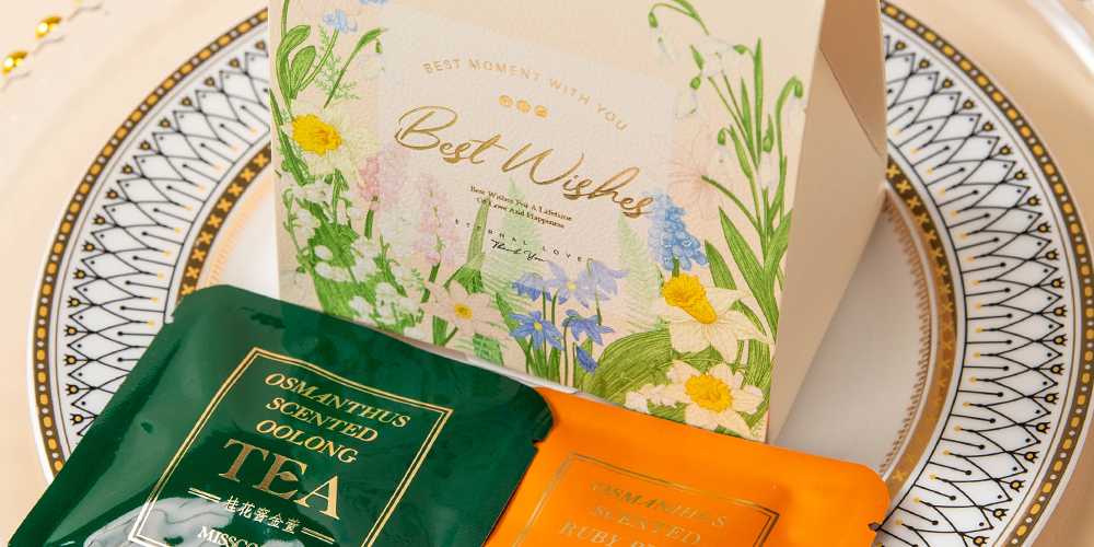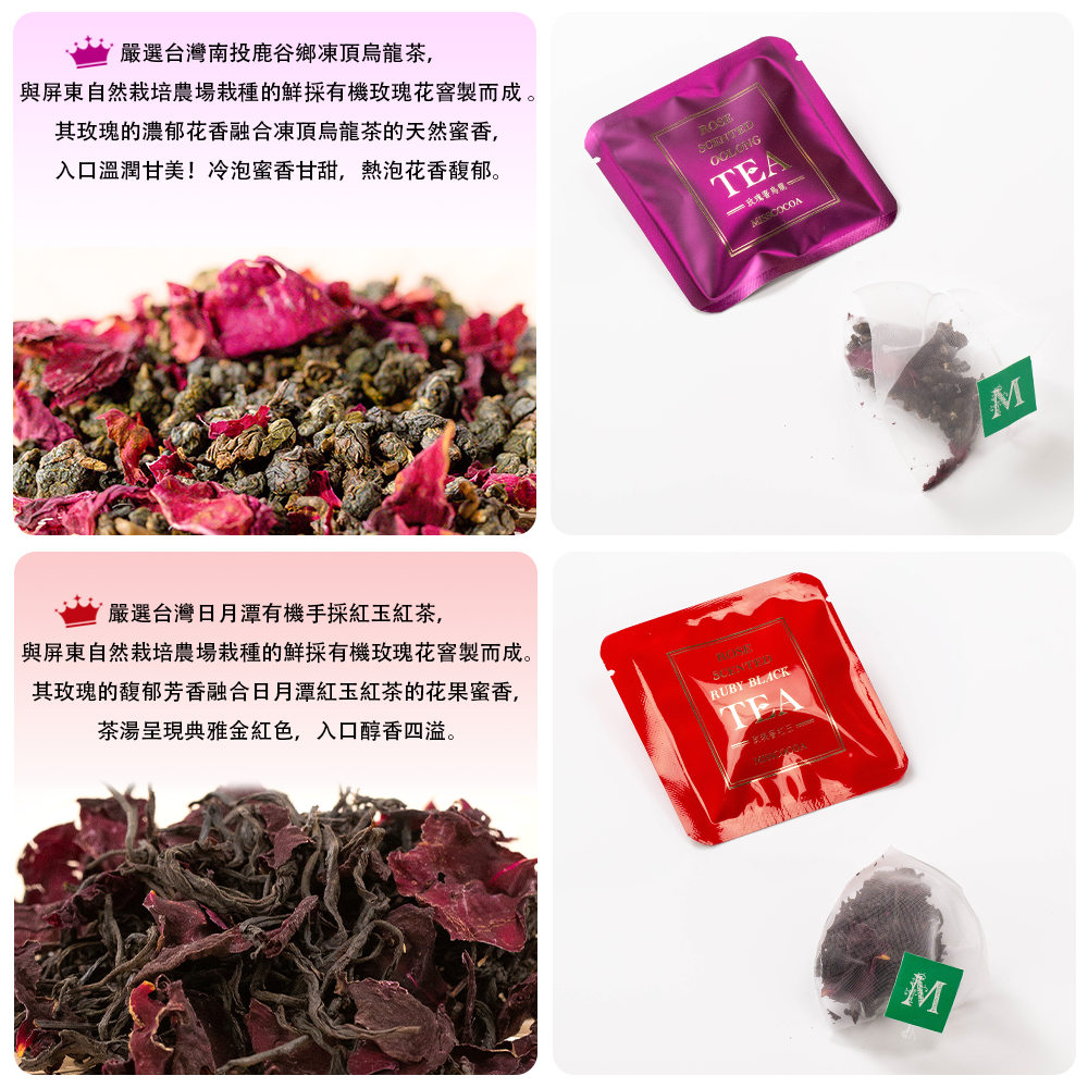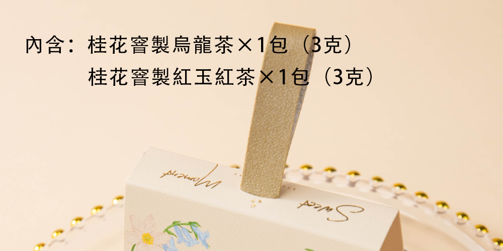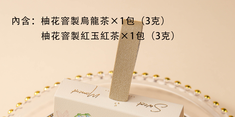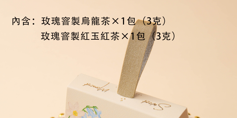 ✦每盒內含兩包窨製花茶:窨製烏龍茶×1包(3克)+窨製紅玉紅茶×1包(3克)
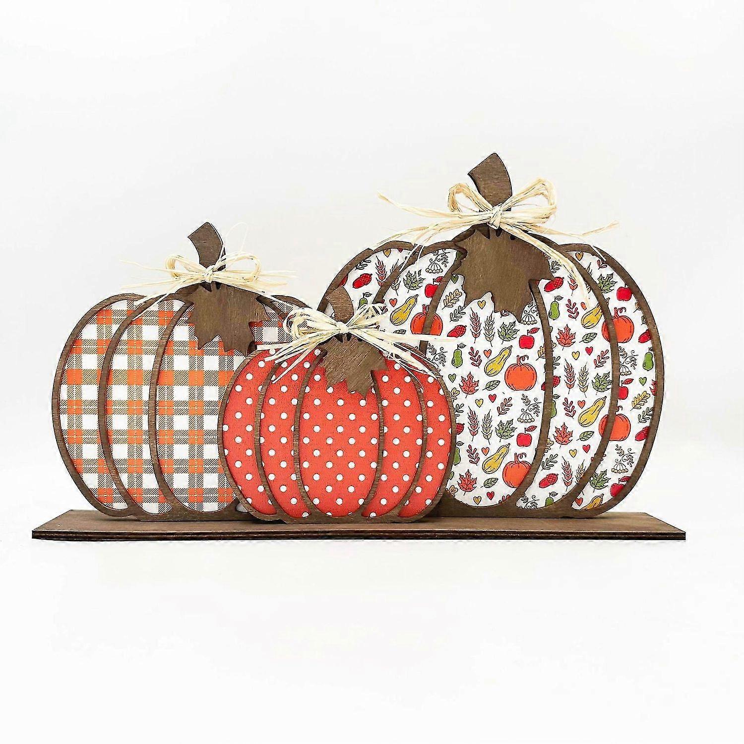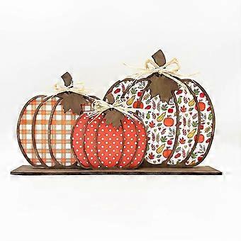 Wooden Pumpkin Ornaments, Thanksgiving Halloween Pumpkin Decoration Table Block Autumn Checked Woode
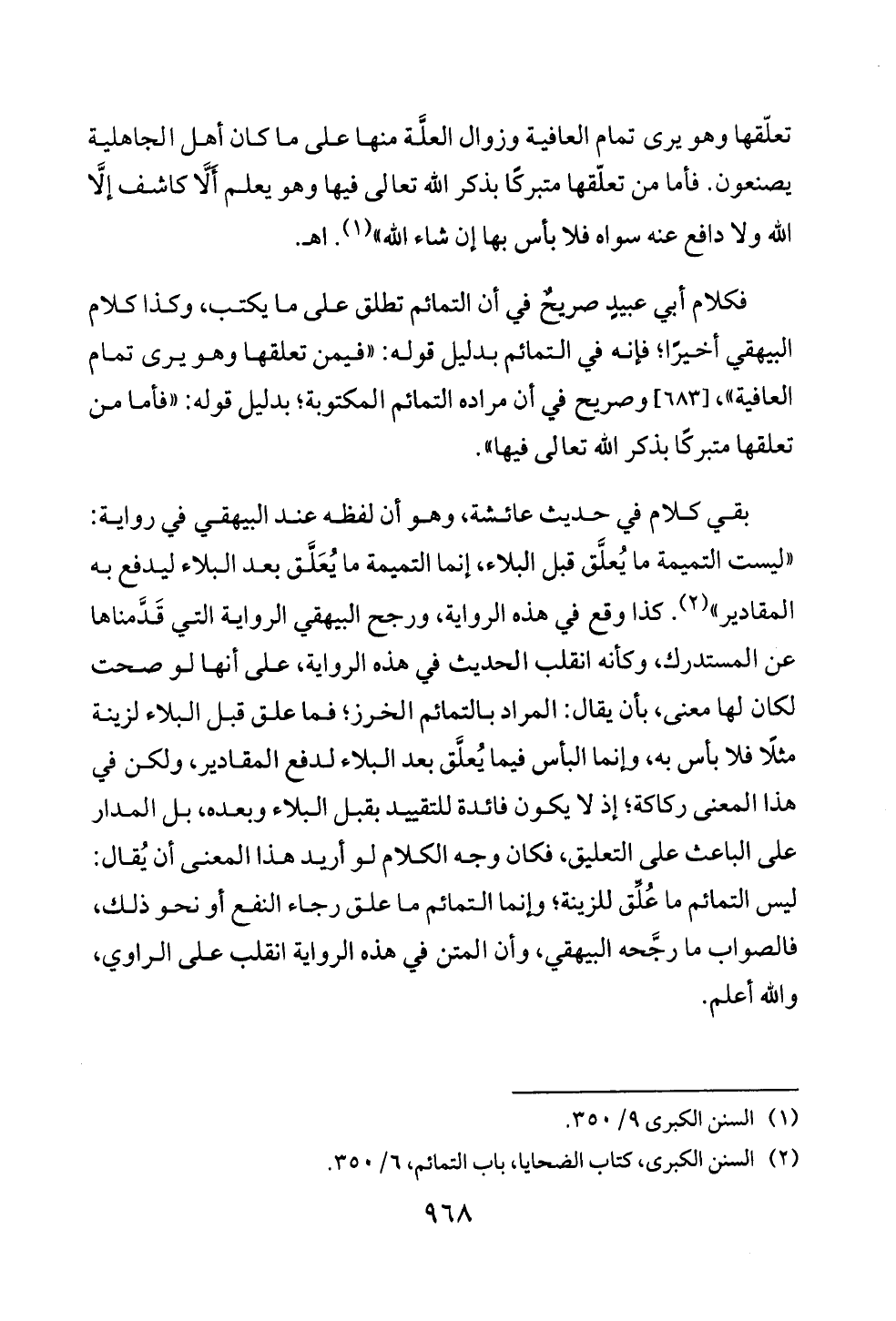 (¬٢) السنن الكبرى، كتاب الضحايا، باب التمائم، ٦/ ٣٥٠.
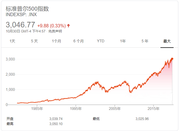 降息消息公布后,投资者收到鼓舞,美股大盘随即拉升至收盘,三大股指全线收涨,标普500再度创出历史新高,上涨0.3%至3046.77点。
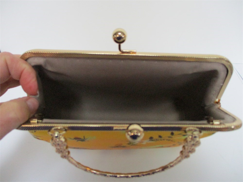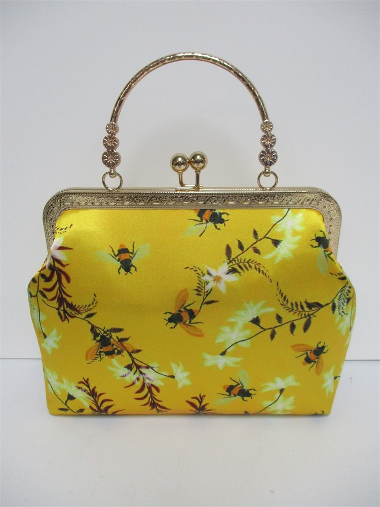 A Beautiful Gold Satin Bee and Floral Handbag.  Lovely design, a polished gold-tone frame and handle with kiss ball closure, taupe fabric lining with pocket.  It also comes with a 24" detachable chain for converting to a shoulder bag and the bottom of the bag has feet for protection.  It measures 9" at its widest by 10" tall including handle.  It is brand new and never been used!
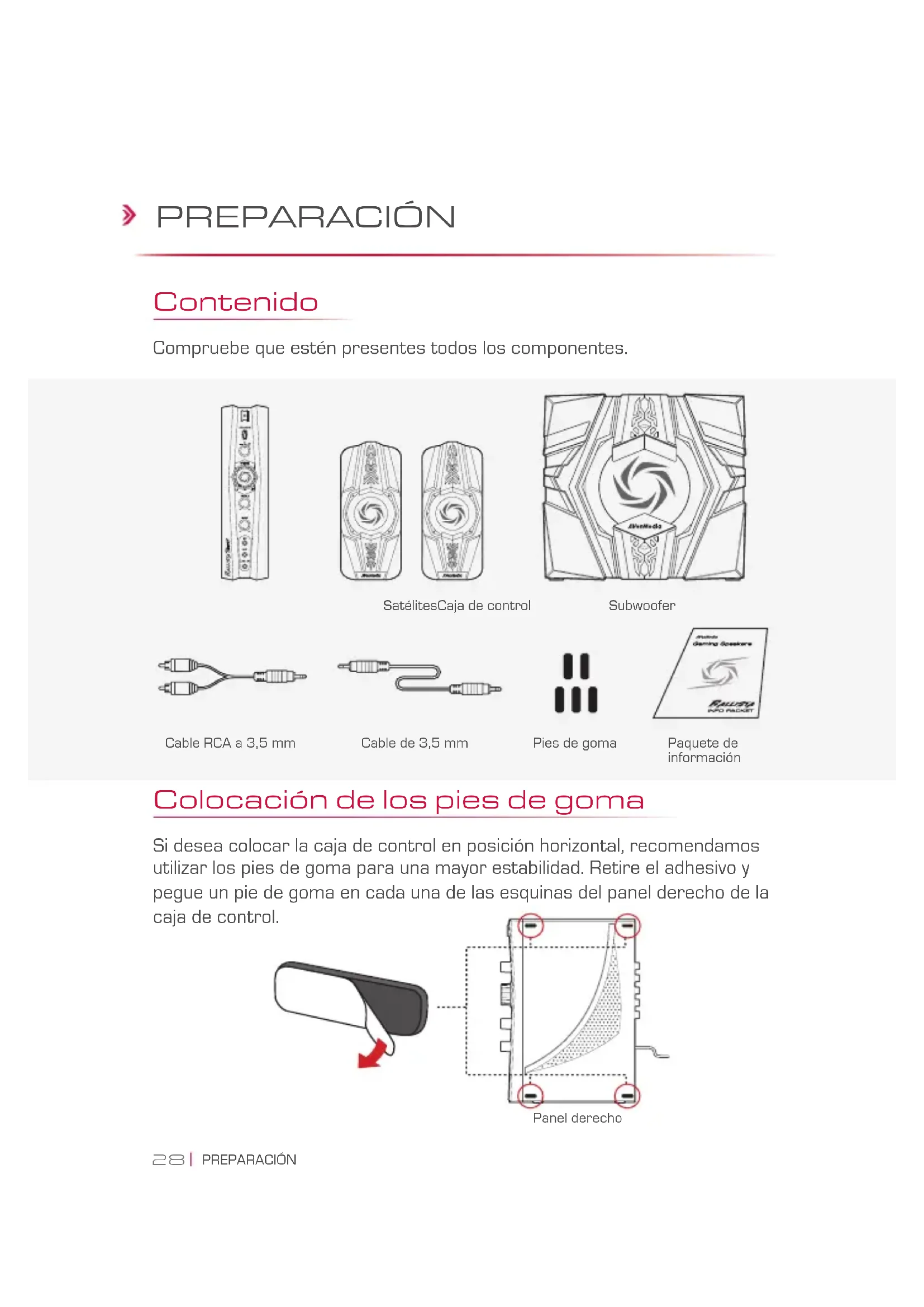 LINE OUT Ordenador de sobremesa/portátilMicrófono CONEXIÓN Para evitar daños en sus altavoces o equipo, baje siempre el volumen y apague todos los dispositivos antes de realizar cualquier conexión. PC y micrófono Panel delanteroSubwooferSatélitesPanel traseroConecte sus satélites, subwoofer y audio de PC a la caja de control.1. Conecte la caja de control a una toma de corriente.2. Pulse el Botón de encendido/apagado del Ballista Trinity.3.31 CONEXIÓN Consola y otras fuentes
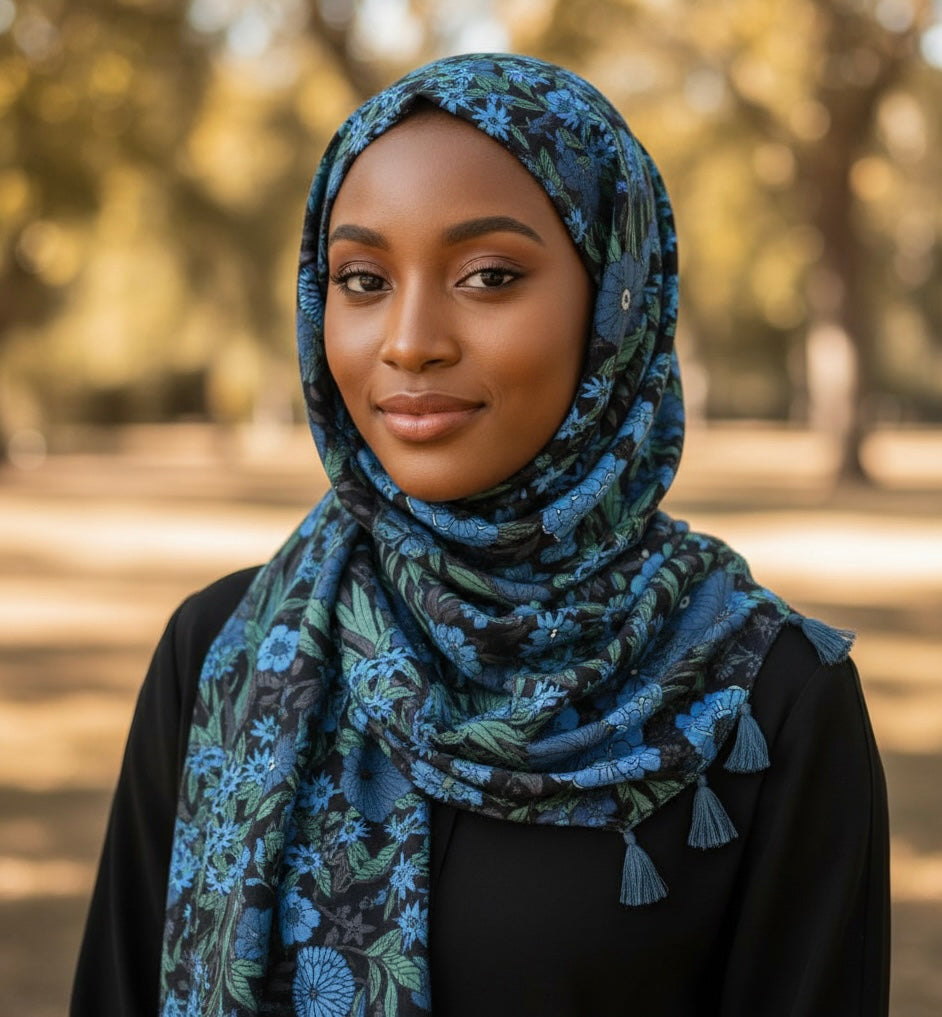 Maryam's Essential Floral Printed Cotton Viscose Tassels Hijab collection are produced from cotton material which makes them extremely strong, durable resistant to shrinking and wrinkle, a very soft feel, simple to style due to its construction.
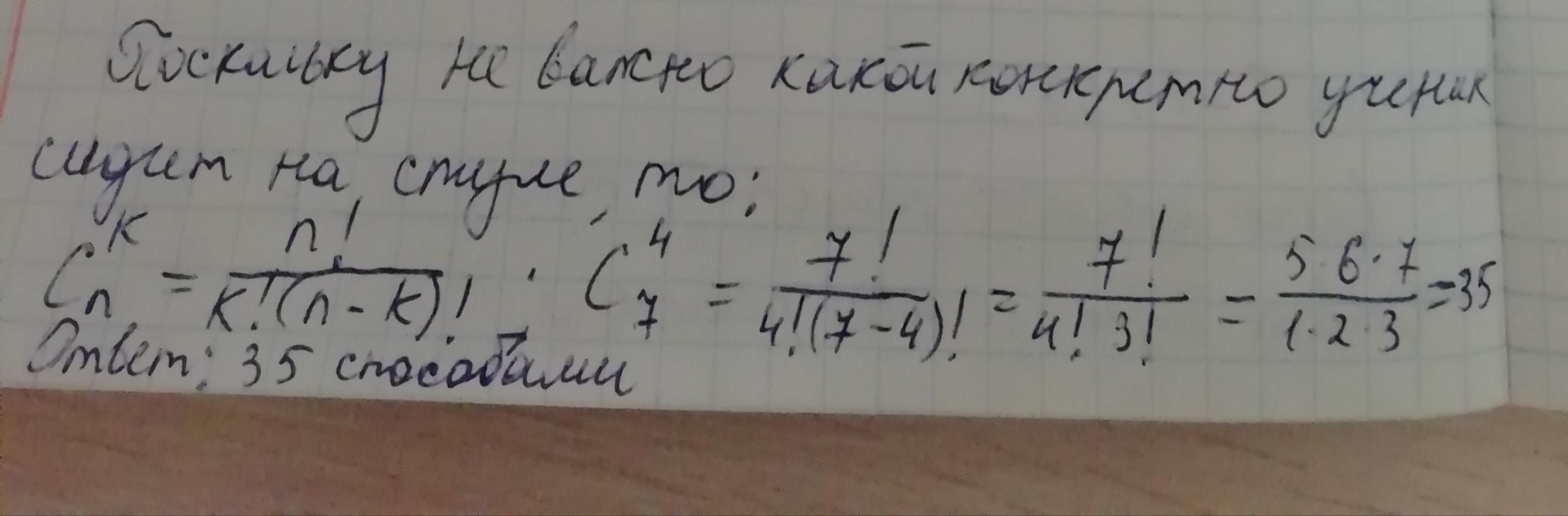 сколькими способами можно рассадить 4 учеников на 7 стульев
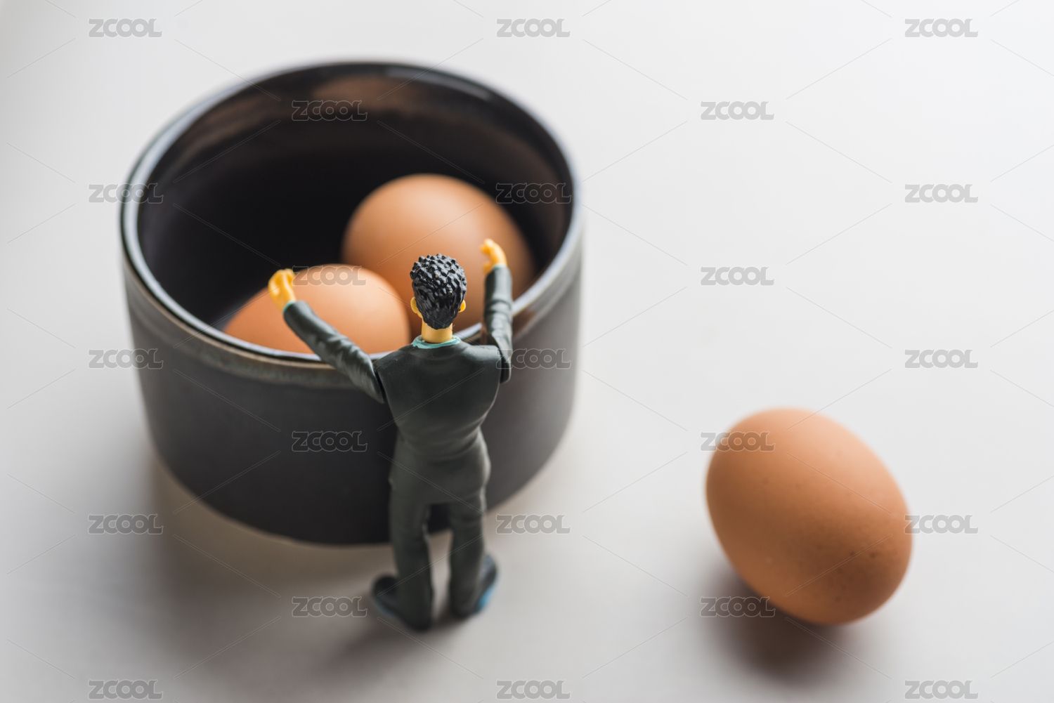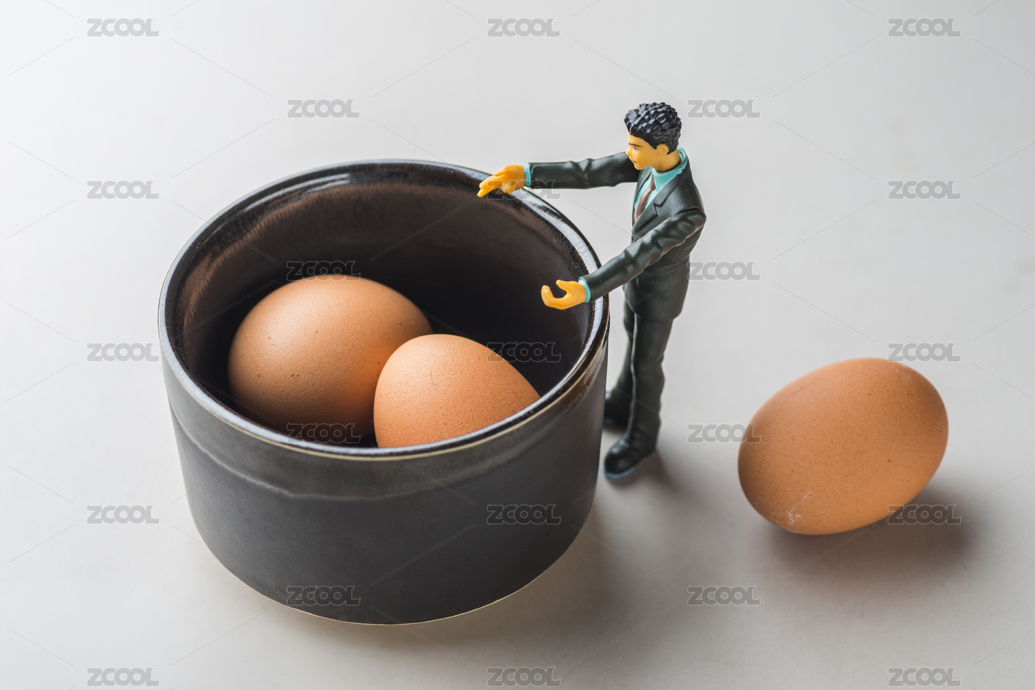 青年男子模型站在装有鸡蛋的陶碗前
══════════════════════════════
• [Directions for this task]:
Beginning with the line above that contains "降息消息公布后,投资者收到鼓" and ending with the line that contains "A Beautiful Gold", quote each line exactly, keeping out the pictures.

• [Completed exercise]:
 降息消息公布后,投资者收到鼓舞,美股大盘随即拉升至收盘,三大股指全线收涨,标普500再度创出历史新高,上涨0.3%至3046.77点。
 A Beautiful Gold Satin Bee and Floral Handbag.  Lovely design, a polished gold-tone frame and handle with kiss ball closure, taupe fabric lining with pocket.  It also comes with a 24" detachable chain for converting to a shoulder bag and the bottom of the bag has feet for protection.  It measures 9" at its widest by 10" tall including handle.  It is brand new and never been used!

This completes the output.